§ Goal of the exercise: If a record holds a picture, drop the picture and return the rest of the record word for word.

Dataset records
* * *
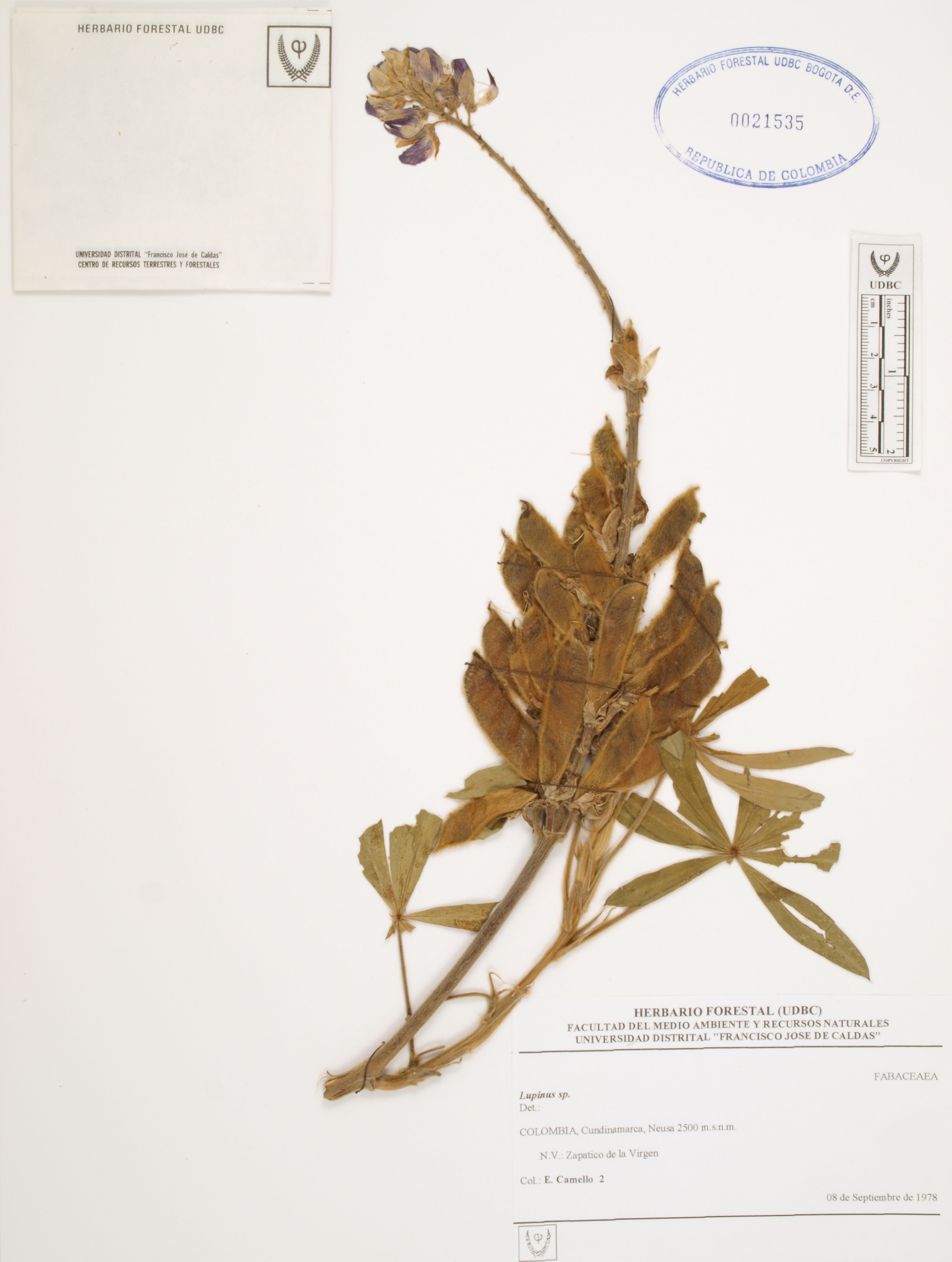 Fotografía del ejemplar Camello, E. 2, determinado como Lupinus sp.
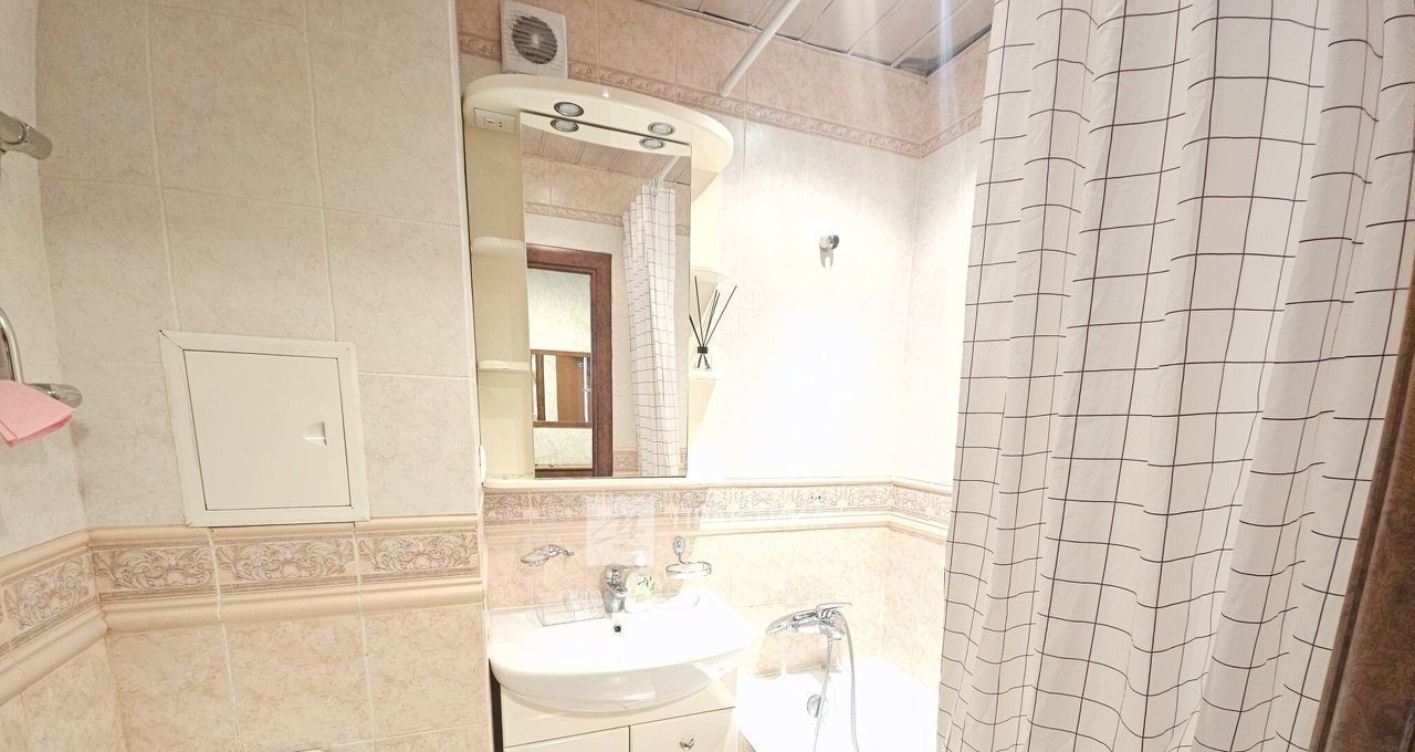 Совмещенный санузел с полноценной ванной и с идеально чистой, ухоженной сантехникой.
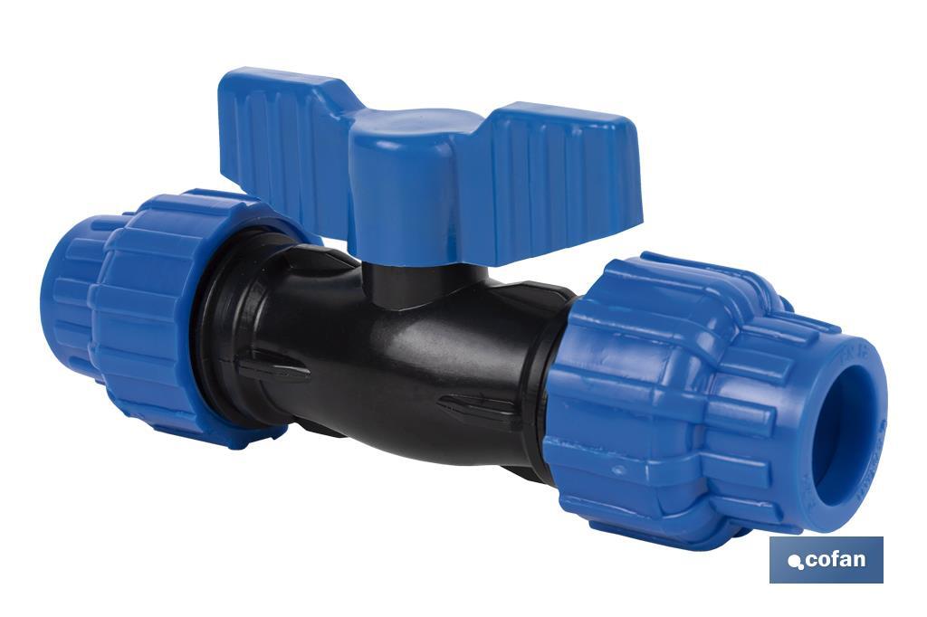 This ball valve coupling has two connections in identical size and is intended for polyethylene (PE) pipes. Suitable for working on water supply systems with a nominal pressure of 16 bars. It is made of high-quality and highly durable polypropylene, having a black finish, two blue nuts and a blue handle. It has EPDM sealing gaskets for a strong and long-lasting tightening and without leakages. Available in different sizes. They are supplied in packs or single unit.
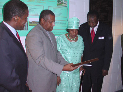 Presenting Mrs. Robinson with a certificate, from left to right, Mayor Johnny Ford of Tuskegee (left), Mayor James Perkins of Selma, Mrs. Robinson and her son, Bruce Boynton. |
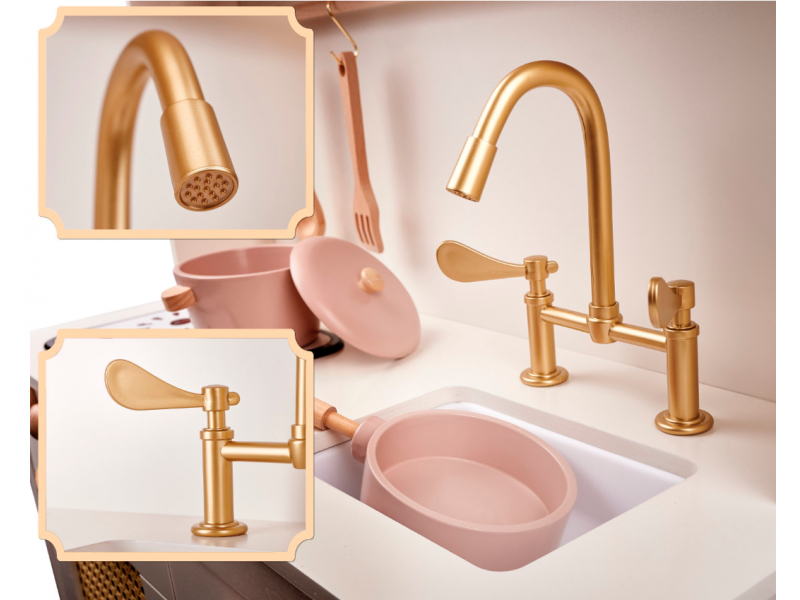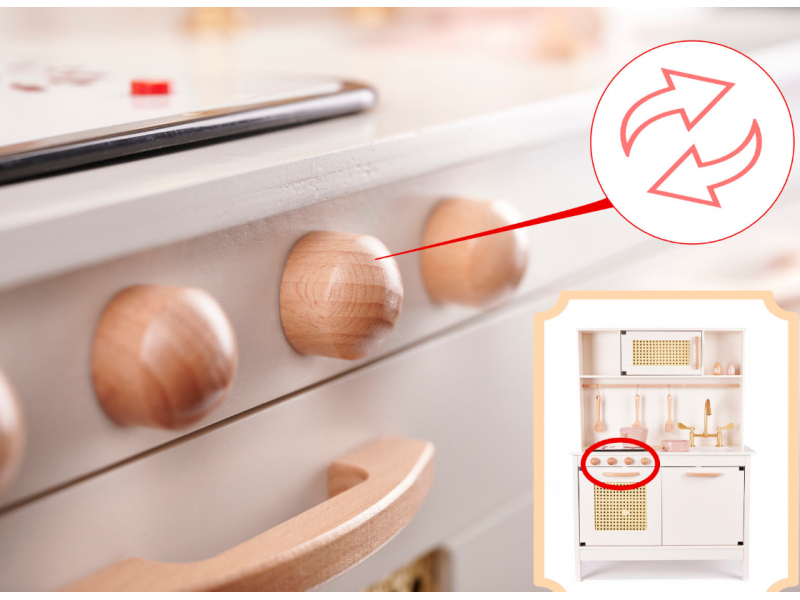 Virtuve ir ļoti regulējama, tā lieliski noderēs kā aksesuārs bērnu istabā vai rotaļu istabā. Tas priecē ar savu estētiku!
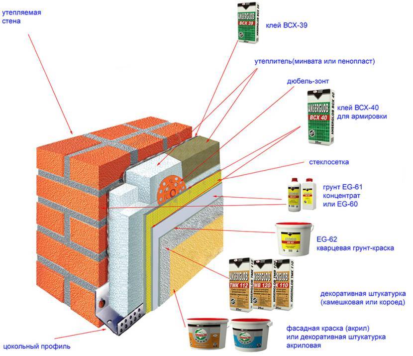 Любая система теплоизоляции, в том числе и «мокрый фасад», представляет собой своеобразный слоеный пирог, где монтаж каждого слоя проводится поэтапно.
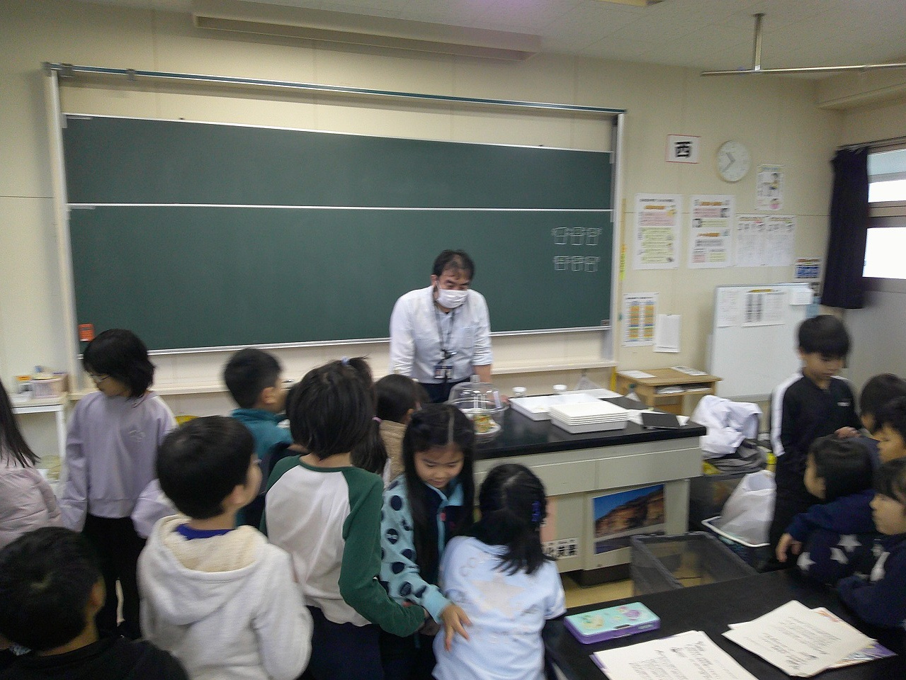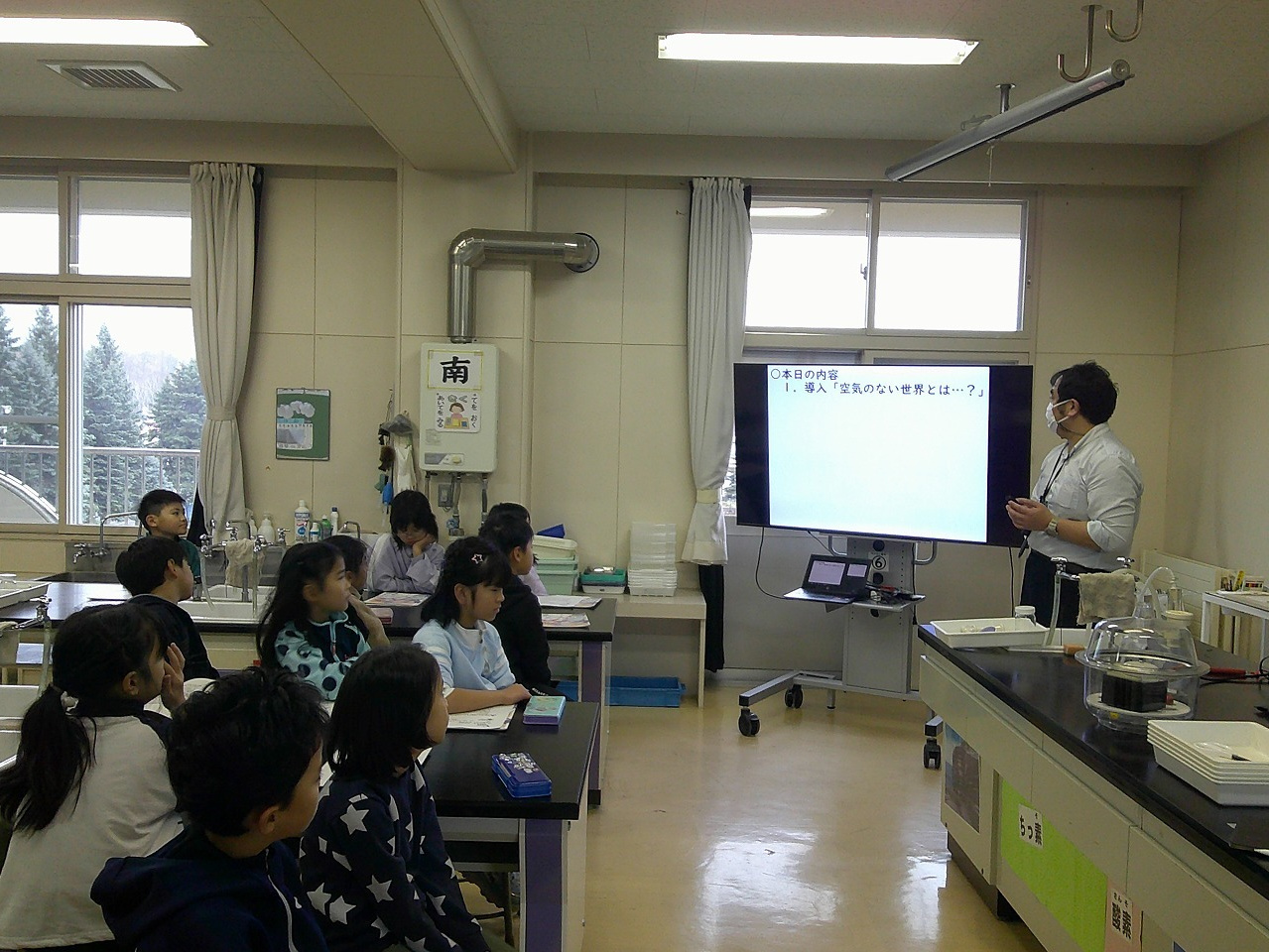 釧路高専より講師の方をお招きし、「空気のない世界」について、真空実験機を使った授業をしていただきました。「空気がなくなると、風船はどうなると思う?」「しぼむ?」「ばくはつする?」、「空気がなくなると、音は伝わると思う?」など子どもたちは、予想しながら実験に取り組み、空気のない世界について考えを深めることができました。
* * *
§ Result:
 Fotografía del ejemplar Camello, E. 2, determinado como Lupinus sp.
 Совмещенный санузел с полноценной ванной и с идеально чистой, ухоженной сантехникой.
 This ball valve coupling has two connections in identical size and is intended for polyethylene (PE) pipes. Suitable for working on water supply systems with a nominal pressure of 16 bars. It is made of high-quality and highly durable polypropylene, having a black finish, two blue nuts and a blue handle. It has EPDM sealing gaskets for a strong and long-lasting tightening and without leakages. Available in different sizes. They are supplied in packs or single unit.
 Presenting Mrs. Robinson with a certificate, from left to right, Mayor Johnny Ford of Tuskegee (left), Mayor James Perkins of Selma, Mrs. Robinson and her son, Bruce Boynton. |
 Virtuve ir ļoti regulējama, tā lieliski noderēs kā aksesuārs bērnu istabā vai rotaļu istabā. Tas priecē ar savu estētiku!
 Любая система теплоизоляции, в том числе и «мокрый фасад», представляет собой своеобразный слоеный пирог, где монтаж каждого слоя проводится поэтапно.
 釧路高専より講師の方をお招きし、「空気のない世界」について、真空実験機を使った授業をしていただきました。「空気がなくなると、風船はどうなると思う?」「しぼむ?」「ばくはつする?」、「空気がなくなると、音は伝わると思う?」など子どもたちは、予想しながら実験に取り組み、空気のない世界について考えを深めることができました。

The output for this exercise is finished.